В годы минувшей кровопролитной войны советский народ проявил массовый героизм. Более четырёх десятилетий прошло с той поры, а мы узнаём имена всё новых и новых героев. Подвиги иных не отмечены высокими наградами. Мудро писал в ту тяжёлую годину поэт:
Страшный бой идёт кровавый,
Смертный бой не ради славы,
Ради жизни на земле.
Имя героев – легион. В песни и поэмы, города и корабли воплотились легендарные Зоя и Александр Космодемьянские, Лиза Чайкина, Николай Гастелло и его товарищи молодогвардейцы, богатыри-панфиловцы, стоявшие насмерть у разъезда Дубосеково, Александр Матросов…
Подвиги бывают разные. Минутное напряжение душевных сил – и человек становится легендой. Несколько часов беспримерного боя – и его герои навечно записаны в Книгу истории. Разведчик, охотник за «языками», совершает свой многотрудный подвиг долгие недели, месяцы.
Подвиг Вали Гафурова длится более четырёх десятилетий!
Он родился на окраине Ташкента. Обыкновенный мальчик. Хлопотал с отцом на огороде, играл и проказил со сверстниками. Окончил семилетку, затем – учительские курсы. 1940 год. Ещё совсем недавно он сам учился, а ныне Вали – учитель в сельской школе, укитувчи, муаллим – по-узбекски. Ему всего восемнадцать лет, вся жизнь впереди. Юноша с увлечением занимается с малышами, мечтает о высшем педагогическом образовании.
Грянул грозовой 1941-й. Миллионы патриотов уходят на фронт. И среди них – Вали Гафуров. Бывший учитель становится курсантом пехотного училища, настойчиво овладевает наукой побеждать.
Лето 1942 года. Тяжелейшее положение на южном фронте.
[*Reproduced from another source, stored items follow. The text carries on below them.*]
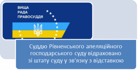 Рівненський апеляційний господарський суд повідомляє, що на підставі рішення Вищої ради правосуддя «Про звільнення Демянчука Ю.Г. з посади судді Рівненського апеляційного господарського суду у відставку» від 27 березня 2018 р. №899/0/15-18 (http://www.vru.gov.ua/act/13749)
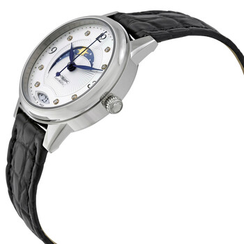 Stainless steel case with a black leather strap. Fixed stainless steel bezel. White dial with blue hands and diamond hour markers. Arabic numerals mark the 3, 9 and 12 o'clock position. Minute markers around the outer rim. Dial Type: Analog. Date display at the 6 o'clock position. Day / night indicator. MontBlanc calibre MB 24.10 automatic movement, containing 21 Jewels, bitting at 28800 vph, and has a power reserve of approximately 42 hours. Scratch resistant sapphire crystal. Pull / push crown. Transparent case back. Round case shape. Case size: 30 mm. Case thickness: 9.41 mm. Strap width: 14 mm. Butterfly clasp. Water resistant at 30 meters / 100 feet. Functions: date, hour, minute, second, day/night indicator. Boheme Series. Luxury watch style. Watch label: Swiss Made. MontBlanc Boheme Day and Night Automatic Ladies Watch 114730.
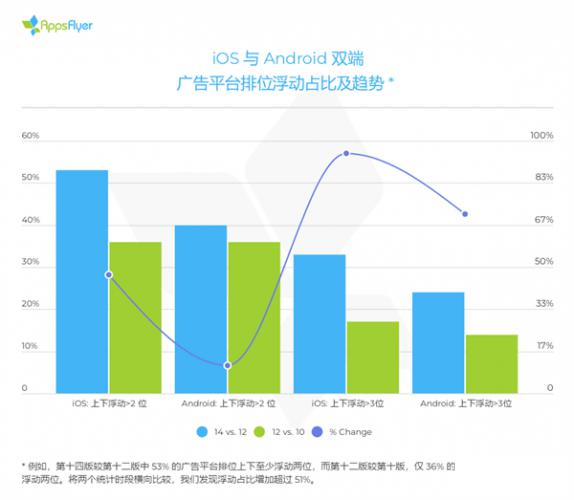 根據 AppsFlyer 發布的第十四版《廣告平臺綜合表現報告》顯示,將 2021 年下半年與 2020 年下半年對比來看,共有 25% 的廣告預算已經從 iOS 端流向安卓端。該報告中指出,蘋果 ATT 對于互聯網廣告行業堪稱 " 巨變 "。
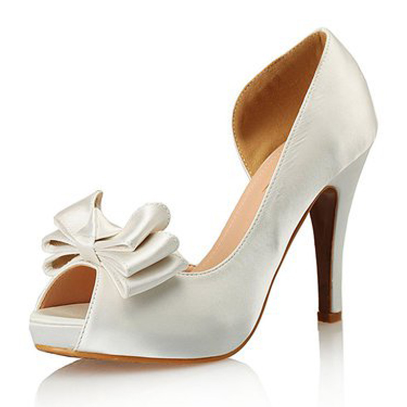 欧美蝴蝶结防水台绸缎面细高跟白色鱼嘴伴娘鞋婚纱鞋女婚鞋新娘鞋

Фашистские полчища рвутся на Северный Кавказ, к Дону, и Сталинграду. Так в не получив лейтенантских кубиков в петлицы, Вали отправляется на фронт. Молодой воин рвётся в бой, его «Дегтярёв» метко разит врага. Вали Гафуров – участник героической обороны Сталинграда. Он славно сражался.
Но не только в этом его подвиг.
… Ещё до рассвета грянул тяжёлый бой. Наши солдаты, одну за другой, отбивают бесчисленные атаки гитлеровцев. Пулемёт Вали Гафурова косит, косит врагов. И вот настала минута, когда загремело, покатилось могучей волной «Ура!», наши батальоны перешли в контратаку. Вали фланкирующим огнём поддерживал бросок своих автоматчиков. Неистовая рукопашная схватка во вражеских окопах… Гитлеровцы дрогнули, побежали! Надо проследовать их, сечь свинцовыми струями.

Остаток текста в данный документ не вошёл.